No, it had lost its staircase from the first to the second floor. So, having walked up to the first floor, our group of seven were shunted in farcical fashion back down the stairs to wait in the "lift lobby". And a lengthy wait this turned out to be, as said lift lobby turned out to house the same old single Otis lift that carried hardly anyone apart from old people during the restaurant's lengthy previous incarnation.
After lunch, our renewed enquiries about a staircase receiving a negative response – raising serious questions about fire safety standards in my mind – we stood about for what seemed an eternity waiting for the lift. But not half as long, as it turned out, as we spent standing in the lift itself after it eventually arrived, since it ground to a halt during its descent.
Now, I've never been stuck in a lift before and it’s an experience I wouldn't recommend. After a couple of minutes waiting for the thing to get going again, we pressed the alarm button, but all this did was to cause what appeared to be a school bell to ring in the mid distance. No one responded, and looking around the lift compartment there appeared to be no intercom.

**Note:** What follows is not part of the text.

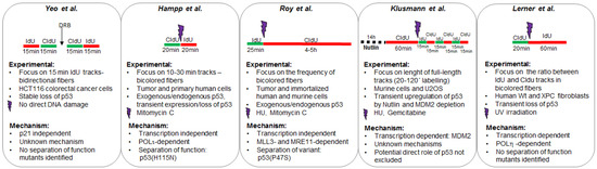 Different protocols used to explore the effect of p53 on DNA replication. The experimental design of each study is illustrated in the upper part of each panel. Other experimental settings are detailed in the mid-section. Mechanistic insights collected in each study are detailed in the bottom part of each panel.

One of our group was unable to obtain a signal on his mobile phone and another had just obtained one in order to call the restaurant and tell them their lift was a liability when the thing started again and we got back to ground four or five minutes after setting off.

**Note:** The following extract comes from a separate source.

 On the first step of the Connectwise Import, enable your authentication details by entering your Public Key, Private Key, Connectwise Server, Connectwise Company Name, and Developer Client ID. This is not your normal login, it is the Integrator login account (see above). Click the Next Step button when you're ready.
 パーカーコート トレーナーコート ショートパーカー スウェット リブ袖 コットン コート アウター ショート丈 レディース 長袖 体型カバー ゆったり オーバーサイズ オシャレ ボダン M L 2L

One of the fluent Cantonese speakers headed straight for the desk to inform staff of what had happened. Their response? A demonstration of the kind of attitude that makes Hong Kong the place it is.
"Only five people should travel in the lift," the woman responded, Madam Mao like, as if by rote.
"Then why," my colleague asked, "does the sign in the lift say that it is fit to carry eight people with a combined weight of 630 kilograms?"
Avoid this place, because if the flames don't get you first, the lift probably will.